Cattle infected with cyclically (tsetse)-transmitted clones of Trypanosoma congolense were treated with the trypanocidal drug diminazene aceturate ('Berenil') at various intervals during development of local skin reactions (chancres), in order to investigate the role played by trypanosomes in the skin in the induction of protective immunity. Cattle, treated on or before Day 12 after infection and prior to detection of trypanosomes in the blood, showed a range of susceptibility to cyclically-transmitted homologous challenge three weeks later. An animal treated on Day 5, when the skin reaction was first detected, was completely susceptible, whereas of the animals treated on Days 10 to 12 at the peak of the skin reaction, some were immune, others exhibited partial immunity, while the rest were susceptible. The susceptible animals, however, showed evidence of sensitization to trypanosomes, as demonstrated by development of Arthus-type reactions following homologous challenge with tsetse-transmitted parasites or intradermal inoculation with lysed or irradiated homologous trypanosomes. Cattle treated 15 or more days after cyclically-transmitted infection, when chancre reaction was subsiding and trypanosomes were present in the blood, were completely immune to challenge. Immunity was achieved by treating cattle on Day 5 and Day 10 after infection with cyclically-transmitted trypanosomes but only if this procedure was repeated on several occasions, indicating that bloodstream forms of trypanosomes were not essential for the induction of protective immunity. Protective immunity appeared to be effective against the metacyclic trypanosomes at the level of the skin, as animals which were immune to homologous challenge with cyclically-transmitted parasites did not develop detectable skin reactions at the site of the tsetse bite. Furthermore, the time of the appearance in the serum of antibody which completely neutralized the metacyclic population (Day 15) coincided with the time at which cattle had developed immunity against homologous challenge. The immunity produced lasted for five months.

Trypanosoma congolense: susceptibility of cattle to cyclical challenge.

Cattle primed by cyclical infection with Glossina morsitans morsitans infected with cloned derivatives of Trypanosoma congolense and treated with the trypanocidal drug Berenil after 3 or 4 weeks were immune to cyclical challenge with homologous clones 3 to 5 weeks later. In these animals, localized skin reactions (chancres) and parasitemia did not develop. The same results were obtained in cattle given a homologous superinfection without prior treatment.

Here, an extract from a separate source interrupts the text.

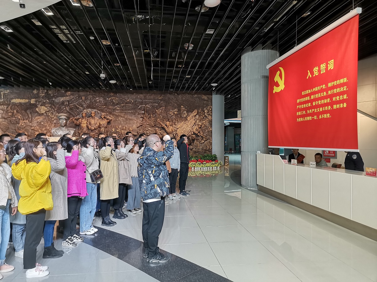 10月27日,经济与管理学院办公室教工党支部联合学生党支部全体党员80余人,到三五九旅屯垦纪念馆接受革命传统教育,重温入党誓词。

On the other hand, cattle subjected to a cyclical challenge with heterologous clones were completely susceptible as demonstrated by the development of chancres. Immunity to homologous challenge was achieved irrespective of the bloodstream variable antigenic types used to infect the tsetse. It was concluded that for a given serodeme the variable antigen composition of the metacyclic population which develops in the tsetse is constant and characteristic. Immunity to cyclical challenge was also obtained with uncloned stocks, providing the same stock was used for challenge. On the other hand, cattle immune to homologous cyclical challenge with cloned material were not always immune to cyclical challenge with parent stock, indicating that certain stocks consist of more than one serodeme. On the basis of these findings, it may be possible to use the chancre as a marker for serodeme analysis.